Copy, without a single change, each line from the one that holds "Встраиваемая вытяжка Maunfeld" to the bottom of the entries below, and drop any pictures.

DATA RECORDS:

┄┄┄┄┄┄┄┄┄┄┄┄┄┄┄┄┄┄┄┄

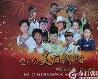 2011年9月4日,《朝陽(yáng)新風(fēng)吹》張黎、秦詠誠(chéng)、徐沛東經(jīng)典作品音樂(lè)會(huì);2011年12月26日,《紅歌中國(guó)行》丁曉紅朝陽(yáng)公益演唱會(huì)暨朝陽(yáng)迎新晚會(huì);2012年12月25日,朝陽(yáng)市《2013美麗朝陽(yáng)》迎新年文藝晚會(huì);2013年8月30日,中央歌劇院主辦的《我們走在大路上》劫夫作品音樂(lè)會(huì);2013年2月2日,《盛世高歌》2013春節(jié)文藝晚會(huì),這幾場(chǎng)演出的節(jié)目單真是讓人大開(kāi)眼界。
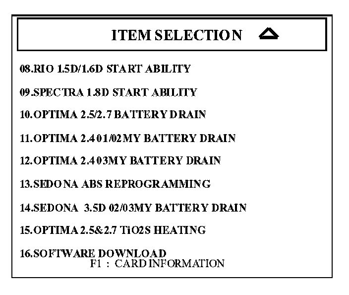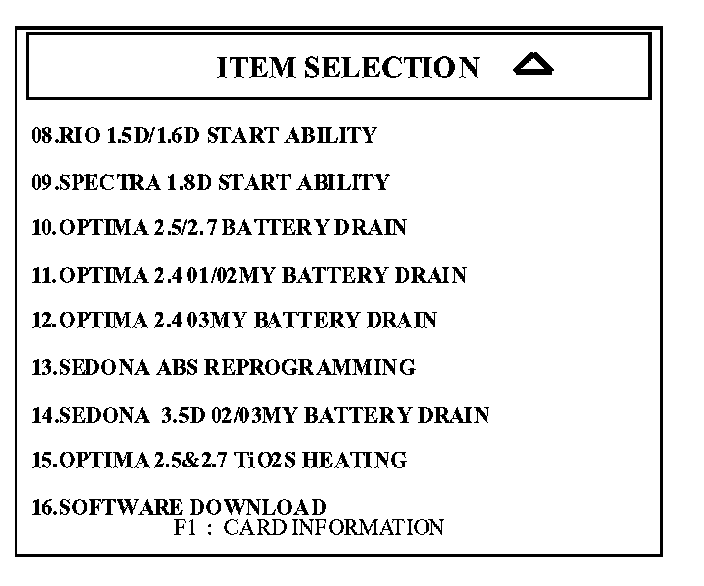4. Select option that matches the model year and engine, and press the "ENTER" key.
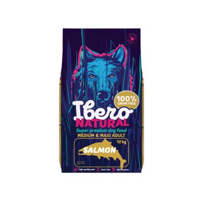 Ibero Grain-free Dog Medium & Maxi Adult Salmon to pełnoporcjowa karma klasy super premium, stworzona z myślą o dorosłych psach średnich i dużych ras od 1. roku życia. Receptura oparta na wysokiej zawartości ryb morskich – łososia i sardynek – dostarcza łatwo przyswajalnego białka oraz cennych kwasów tłuszczowych omega-3, wspierając zdrową skórę, lśniącą sierść i ogólną witalność psa.
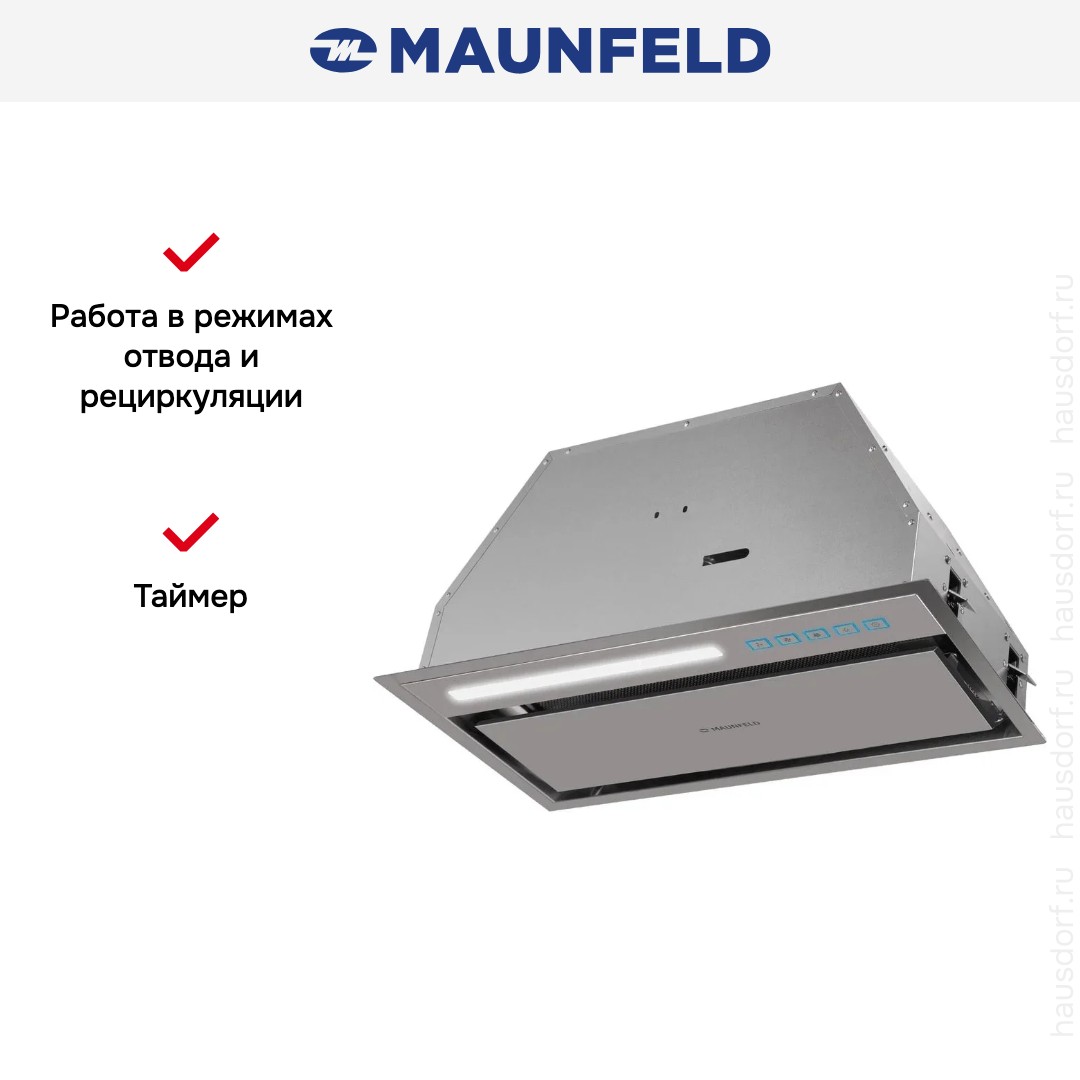 Встраиваемая вытяжка Maunfeld Clare 60 Inox отлично вписывается в современную кухню благодаря своей конструкции и лаконичному дизайну. Ее компактные габариты 30.7×59.8×29 см позволяют спрятать прибор в стандартный кухонный шкаф. Нержавеющая сталь устойчива к пятнам и легко очищается, при этом металл гарантирует долговечность и солидный внешний вид. Маленькая высота и глубина делают модель подходящей для шкафчиков любого размера, даже совсем небольших.
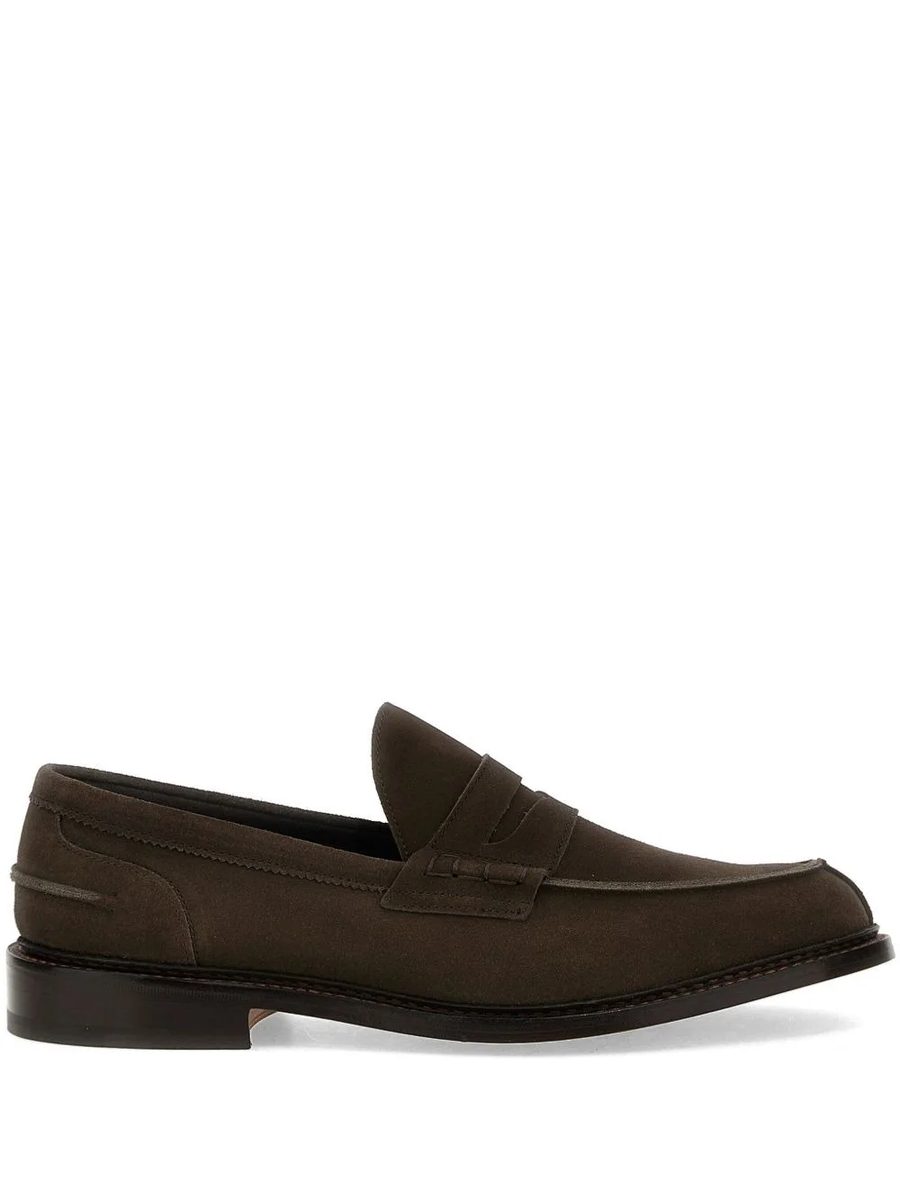 Adam loafers Highlights - Chocolate brown - Penny slot - Moc stitching - Branded leather insole - Flat sole Made in United Kingdom Composition Outer: Calf Suede 100% Lining: Calf Leather 100%
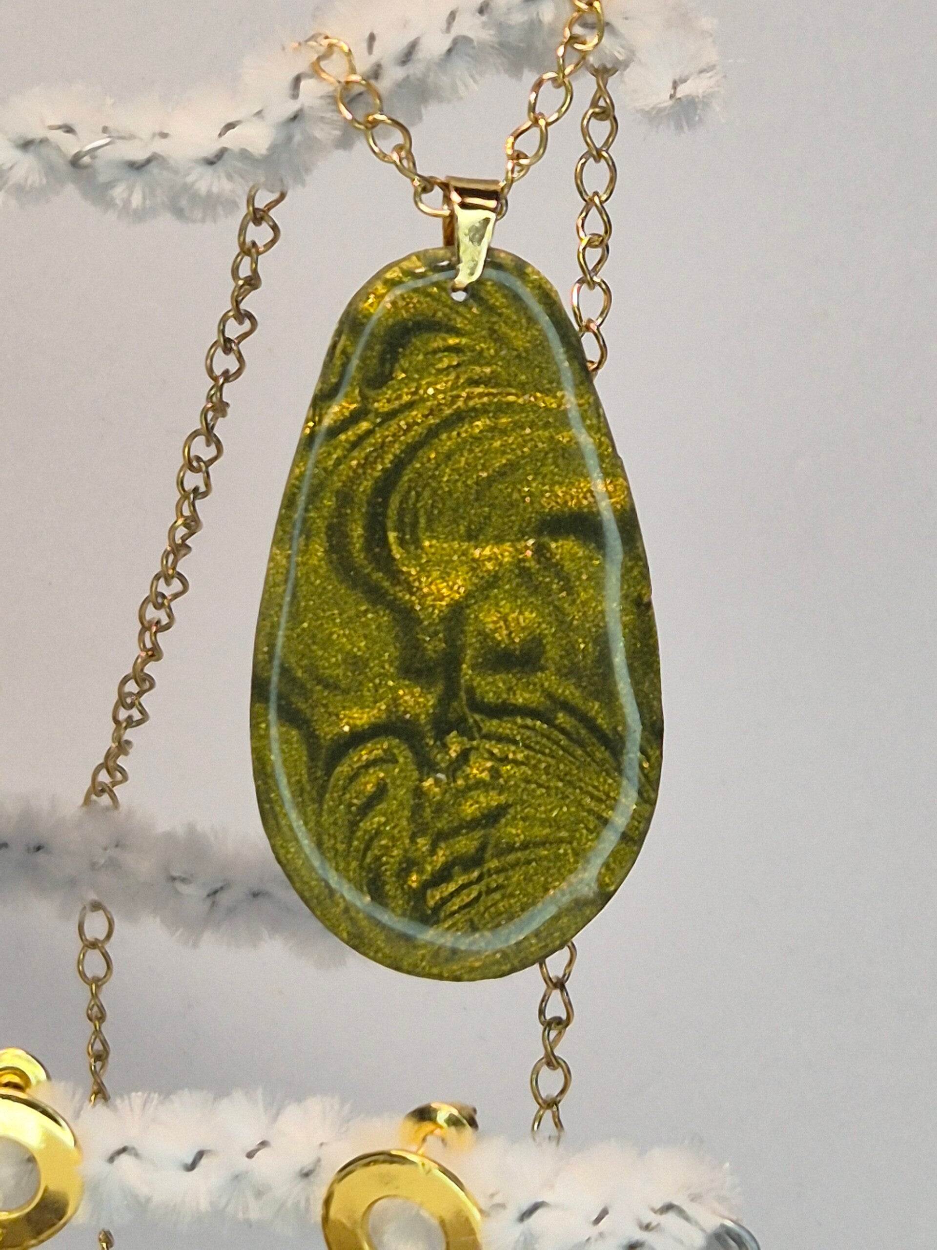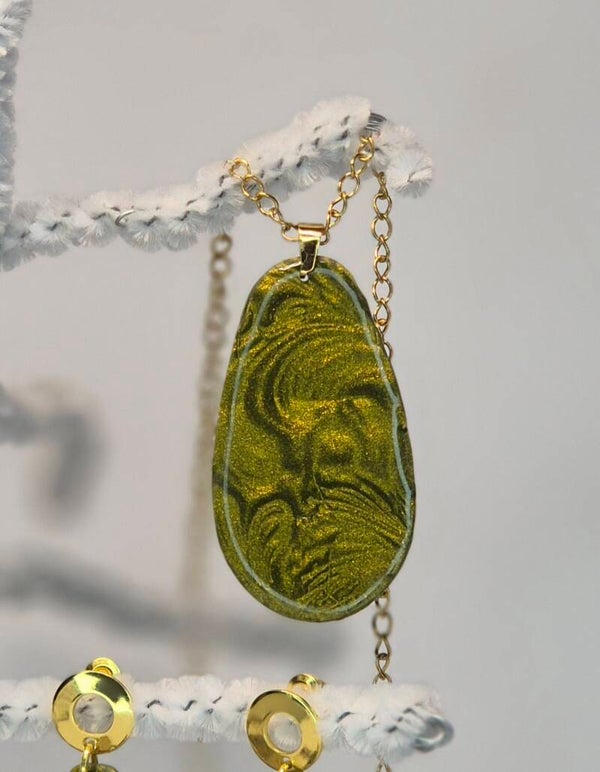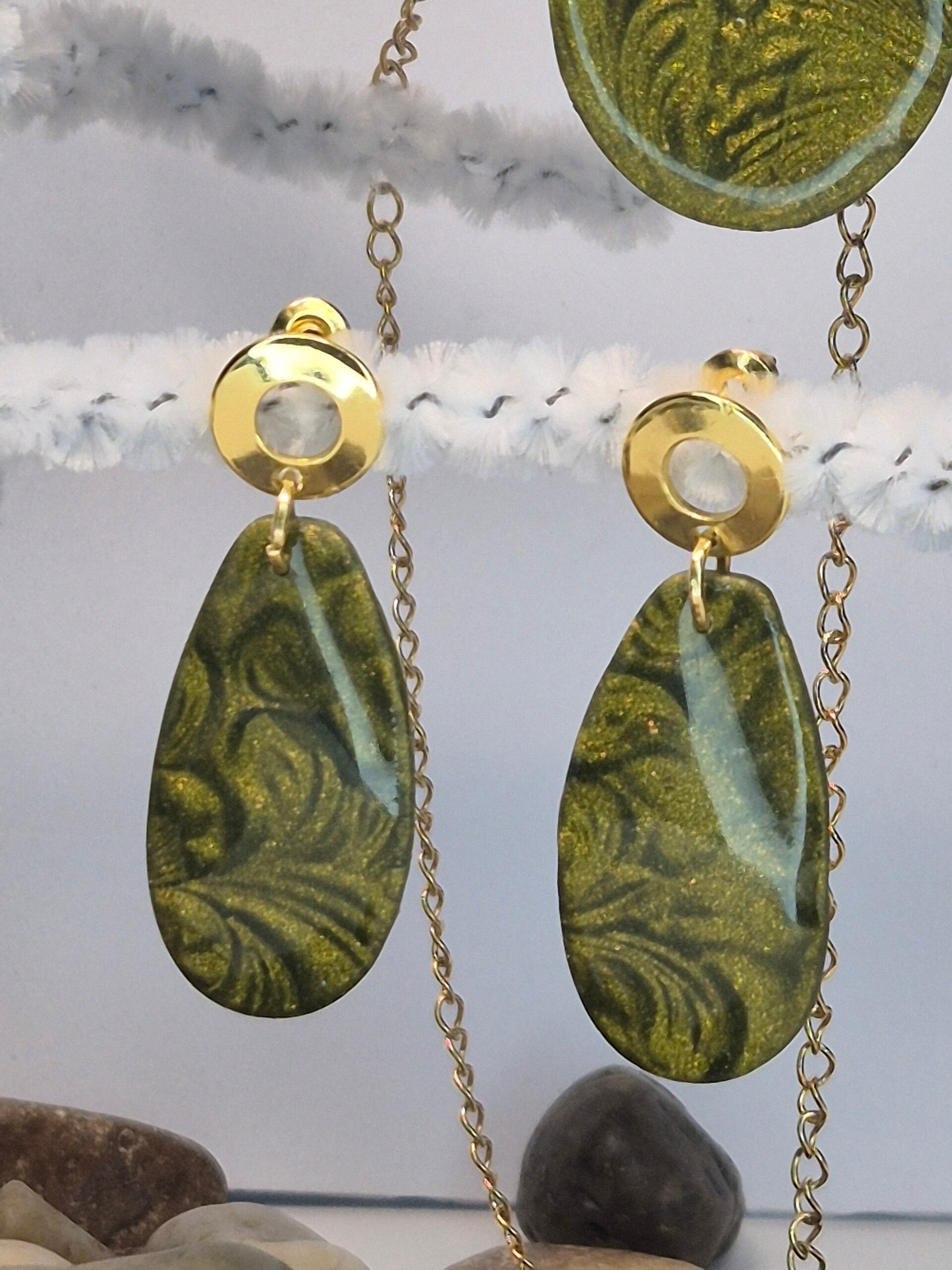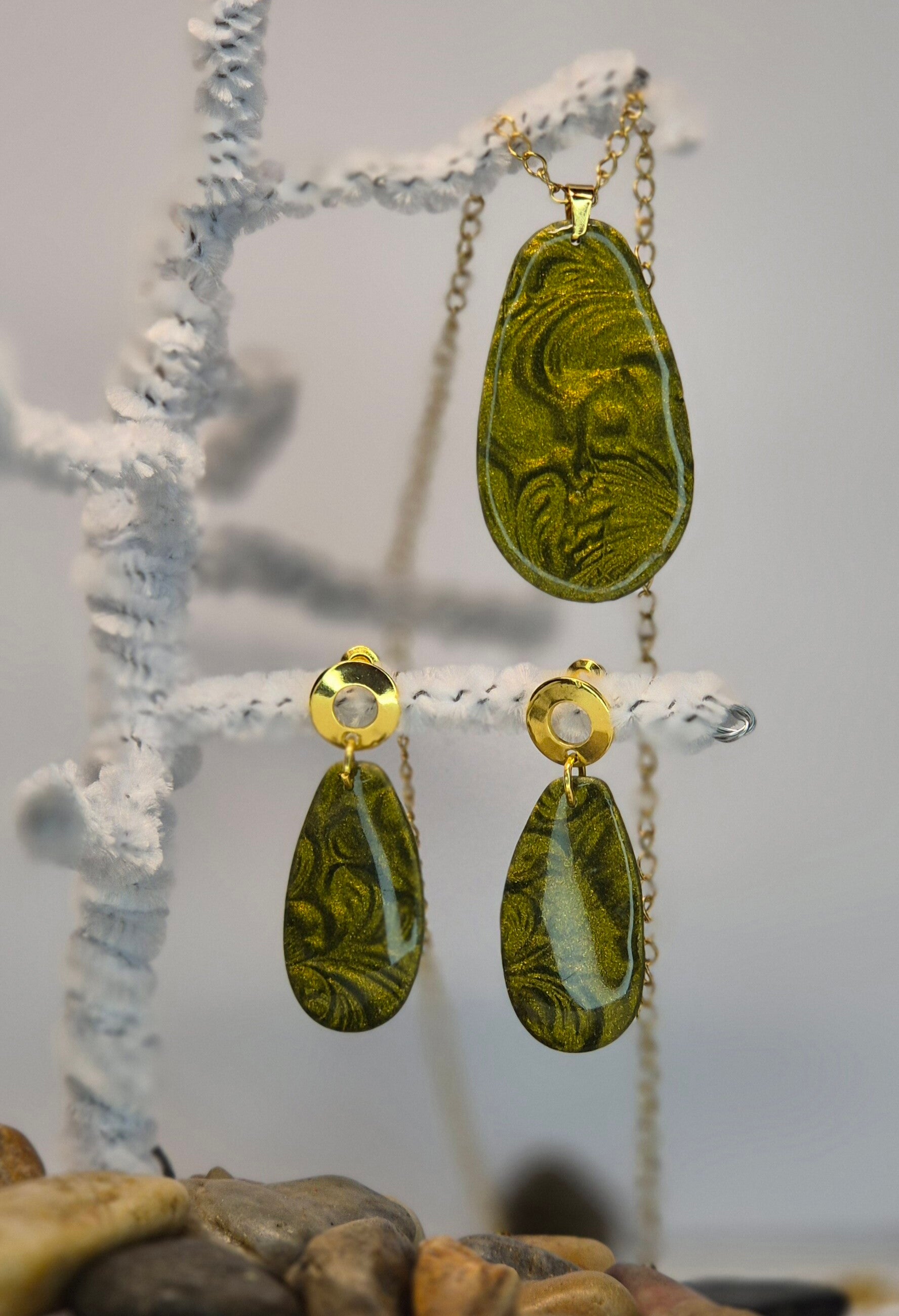 Conjunto de pendientes y colgante de la colección OTOÑO, hechos de forma artesana con arcilla polimérica metalizada en verde oliva.

┄┄┄┄┄┄┄┄┄┄┄┄┄┄┄┄┄┄┄┄

YOUR RESPONSE:
 Встраиваемая вытяжка Maunfeld Clare 60 Inox отлично вписывается в современную кухню благодаря своей конструкции и лаконичному дизайну. Ее компактные габариты 30.7×59.8×29 см позволяют спрятать прибор в стандартный кухонный шкаф. Нержавеющая сталь устойчива к пятнам и легко очищается, при этом металл гарантирует долговечность и солидный внешний вид. Маленькая высота и глубина делают модель подходящей для шкафчиков любого размера, даже совсем небольших.
 Adam loafers Highlights - Chocolate brown - Penny slot - Moc stitching - Branded leather insole - Flat sole Made in United Kingdom Composition Outer: Calf Suede 100% Lining: Calf Leather 100%
 Conjunto de pendientes y colgante de la colección OTOÑO, hechos de forma artesana con arcilla polimérica metalizada en verde oliva.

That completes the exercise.